[What the task asks] Below are records with pictures; copy word for word only the lines between the line with "Универсальная судейская вышка" and the line with "钢琴谱:幻想曲,钢琴曲4首,Op3no3", inclusive, and drop the pictures.

** Opening Data extracts block **

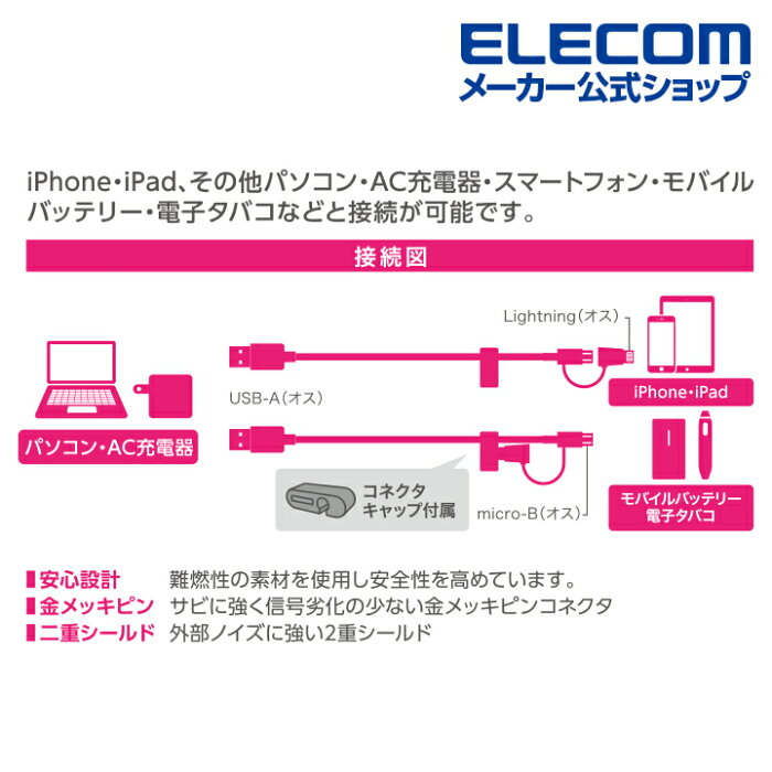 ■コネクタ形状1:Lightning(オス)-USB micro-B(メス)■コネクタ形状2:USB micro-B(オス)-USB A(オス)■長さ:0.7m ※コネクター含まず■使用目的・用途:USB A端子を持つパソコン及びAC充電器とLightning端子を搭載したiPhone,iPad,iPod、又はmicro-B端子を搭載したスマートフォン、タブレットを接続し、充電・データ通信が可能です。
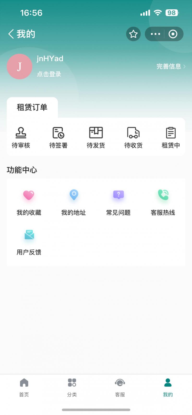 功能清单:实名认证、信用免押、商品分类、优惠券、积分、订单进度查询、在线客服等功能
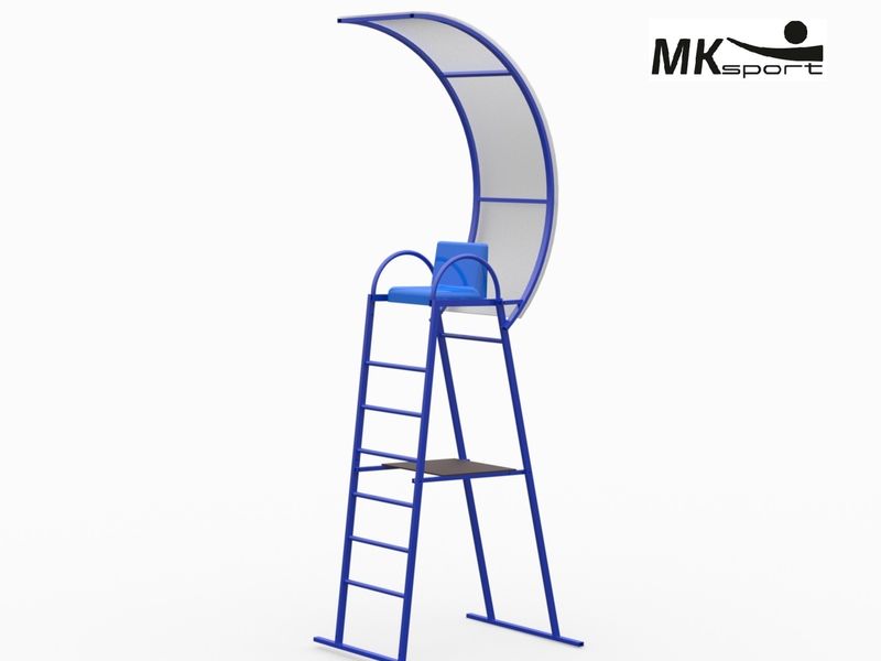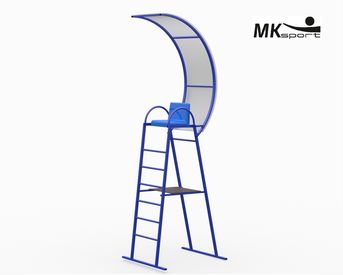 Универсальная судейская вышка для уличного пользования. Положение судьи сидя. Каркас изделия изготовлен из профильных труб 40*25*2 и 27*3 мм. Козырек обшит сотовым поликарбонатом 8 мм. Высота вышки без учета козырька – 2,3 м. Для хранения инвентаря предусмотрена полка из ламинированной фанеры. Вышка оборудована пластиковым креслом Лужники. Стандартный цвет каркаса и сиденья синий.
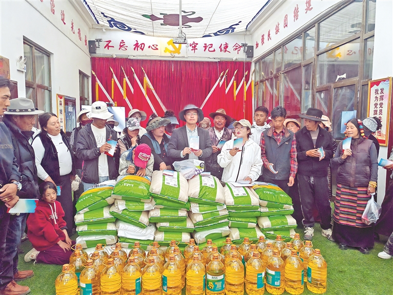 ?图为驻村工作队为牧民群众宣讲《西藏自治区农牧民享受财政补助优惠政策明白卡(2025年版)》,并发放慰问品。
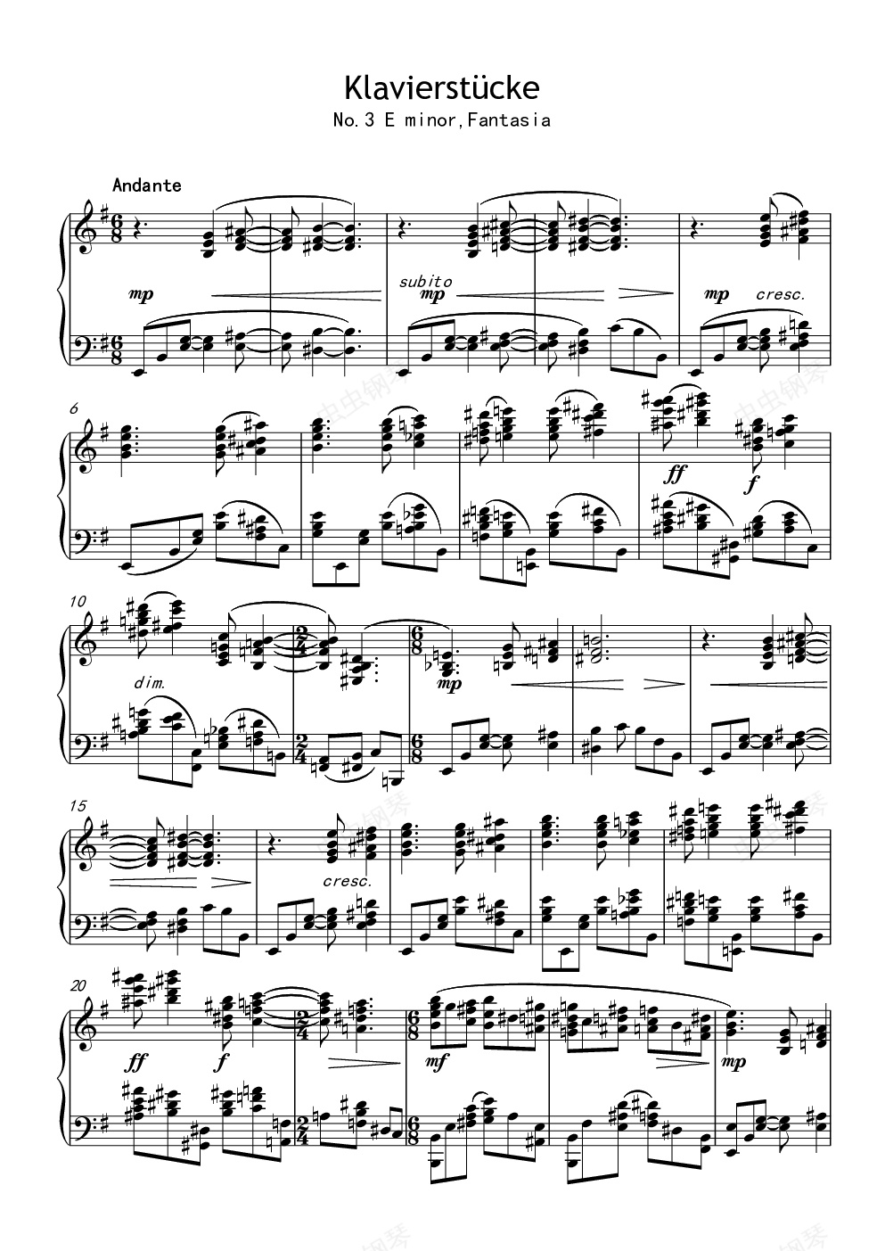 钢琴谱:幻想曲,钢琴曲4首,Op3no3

** Closing Data extracts block **
** Opening Data extracts block **

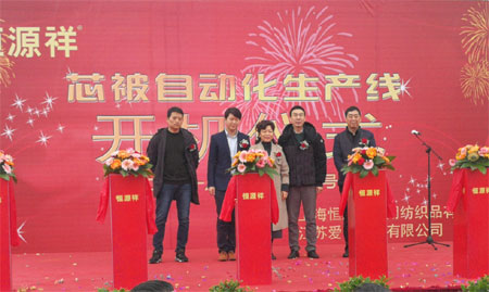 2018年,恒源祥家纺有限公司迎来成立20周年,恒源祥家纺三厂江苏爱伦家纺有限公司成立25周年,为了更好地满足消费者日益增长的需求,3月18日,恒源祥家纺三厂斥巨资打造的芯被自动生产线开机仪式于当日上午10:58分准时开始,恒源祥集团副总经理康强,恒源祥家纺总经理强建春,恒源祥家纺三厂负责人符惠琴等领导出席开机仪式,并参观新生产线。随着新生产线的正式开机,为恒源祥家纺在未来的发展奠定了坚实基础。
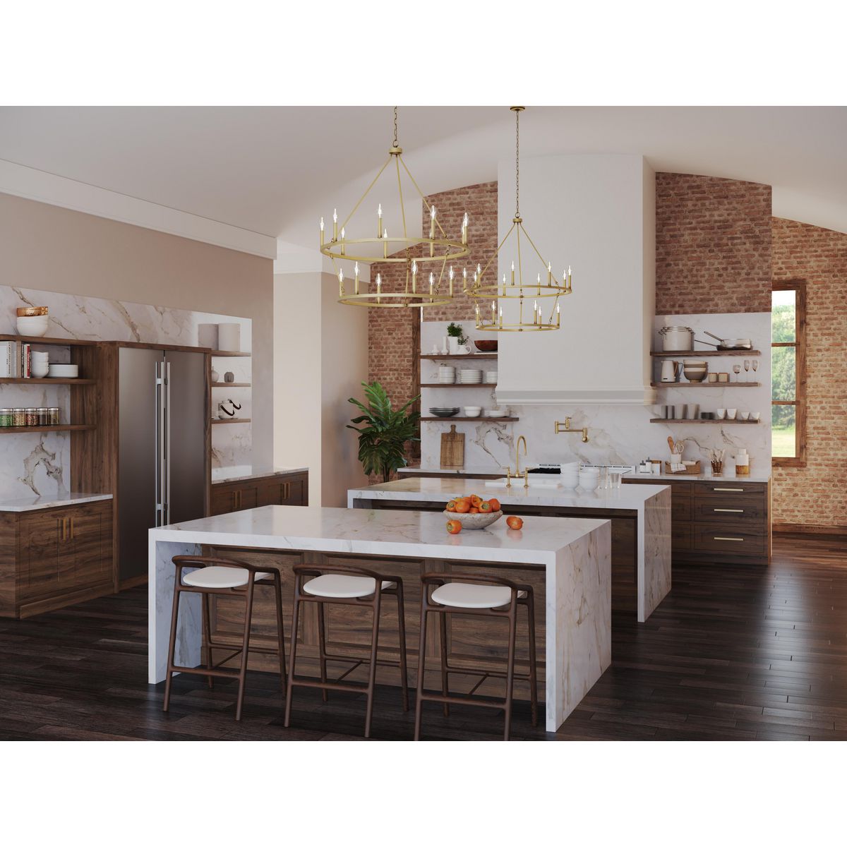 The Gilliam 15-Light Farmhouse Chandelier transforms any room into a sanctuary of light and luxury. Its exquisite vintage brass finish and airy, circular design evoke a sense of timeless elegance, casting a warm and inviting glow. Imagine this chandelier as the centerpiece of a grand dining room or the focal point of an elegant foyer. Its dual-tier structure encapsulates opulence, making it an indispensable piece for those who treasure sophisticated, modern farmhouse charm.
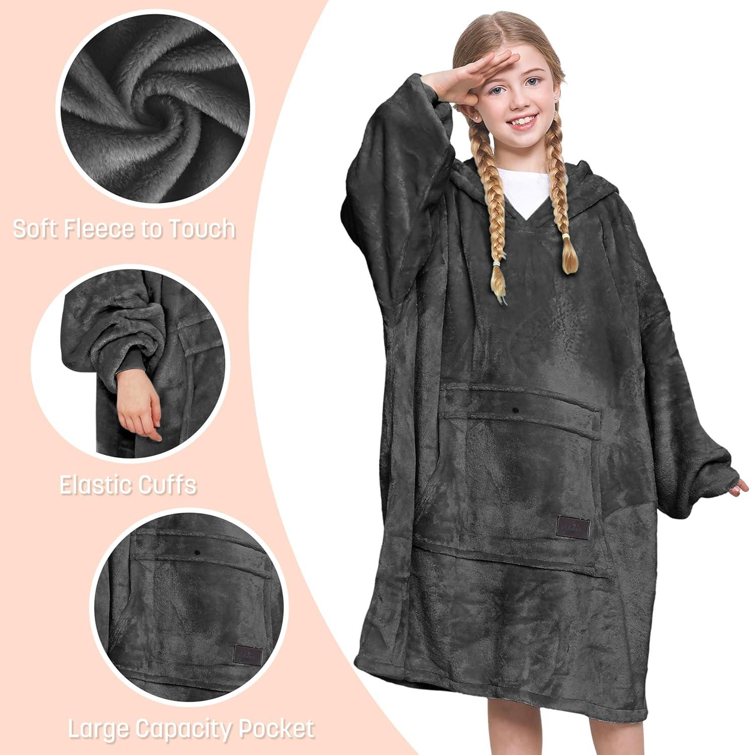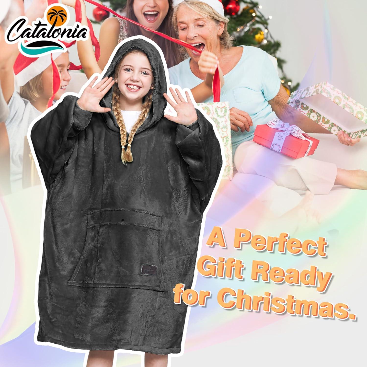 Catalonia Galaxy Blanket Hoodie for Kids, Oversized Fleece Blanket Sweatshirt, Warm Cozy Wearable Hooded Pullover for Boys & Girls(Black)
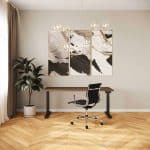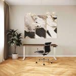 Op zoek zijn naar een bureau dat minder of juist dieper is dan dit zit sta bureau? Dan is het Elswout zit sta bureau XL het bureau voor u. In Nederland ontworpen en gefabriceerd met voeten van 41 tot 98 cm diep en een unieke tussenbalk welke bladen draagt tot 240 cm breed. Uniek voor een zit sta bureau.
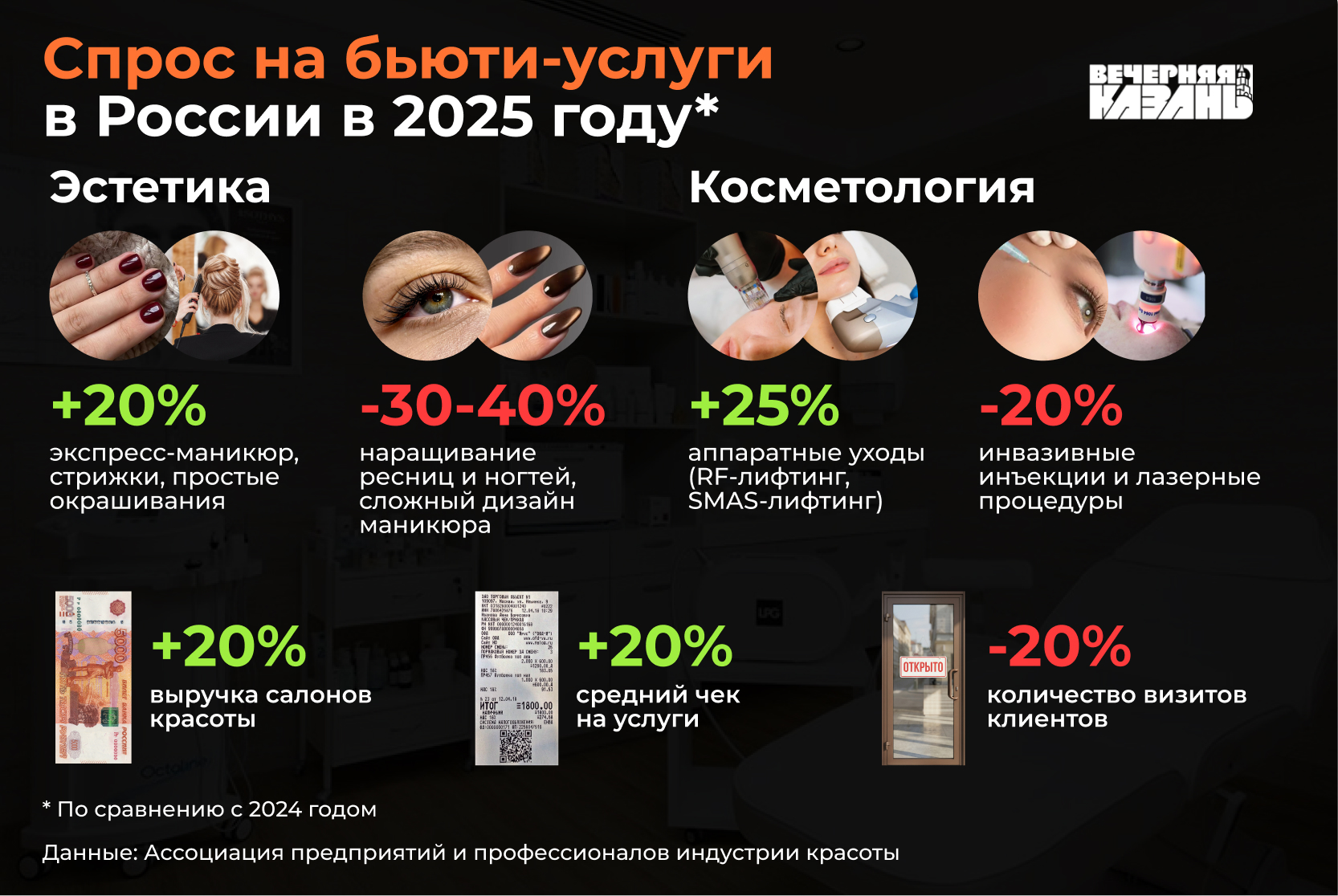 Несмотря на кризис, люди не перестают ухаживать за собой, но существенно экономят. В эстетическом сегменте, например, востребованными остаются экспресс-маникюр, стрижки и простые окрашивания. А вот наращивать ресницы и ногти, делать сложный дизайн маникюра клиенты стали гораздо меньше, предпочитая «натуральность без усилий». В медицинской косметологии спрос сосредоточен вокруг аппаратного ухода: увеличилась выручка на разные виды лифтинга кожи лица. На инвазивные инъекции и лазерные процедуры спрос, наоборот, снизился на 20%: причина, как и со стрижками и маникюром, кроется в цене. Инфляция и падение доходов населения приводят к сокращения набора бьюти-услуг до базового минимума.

** Closing Data extracts block **

[Reply]
 Универсальная судейская вышка для уличного пользования. Положение судьи сидя. Каркас изделия изготовлен из профильных труб 40*25*2 и 27*3 мм. Козырек обшит сотовым поликарбонатом 8 мм. Высота вышки без учета козырька – 2,3 м. Для хранения инвентаря предусмотрена полка из ламинированной фанеры. Вышка оборудована пластиковым креслом Лужники. Стандартный цвет каркаса и сиденья синий.
 ?图为驻村工作队为牧民群众宣讲《西藏自治区农牧民享受财政补助优惠政策明白卡(2025年版)》,并发放慰问品。
 钢琴谱:幻想曲,钢琴曲4首,Op3no3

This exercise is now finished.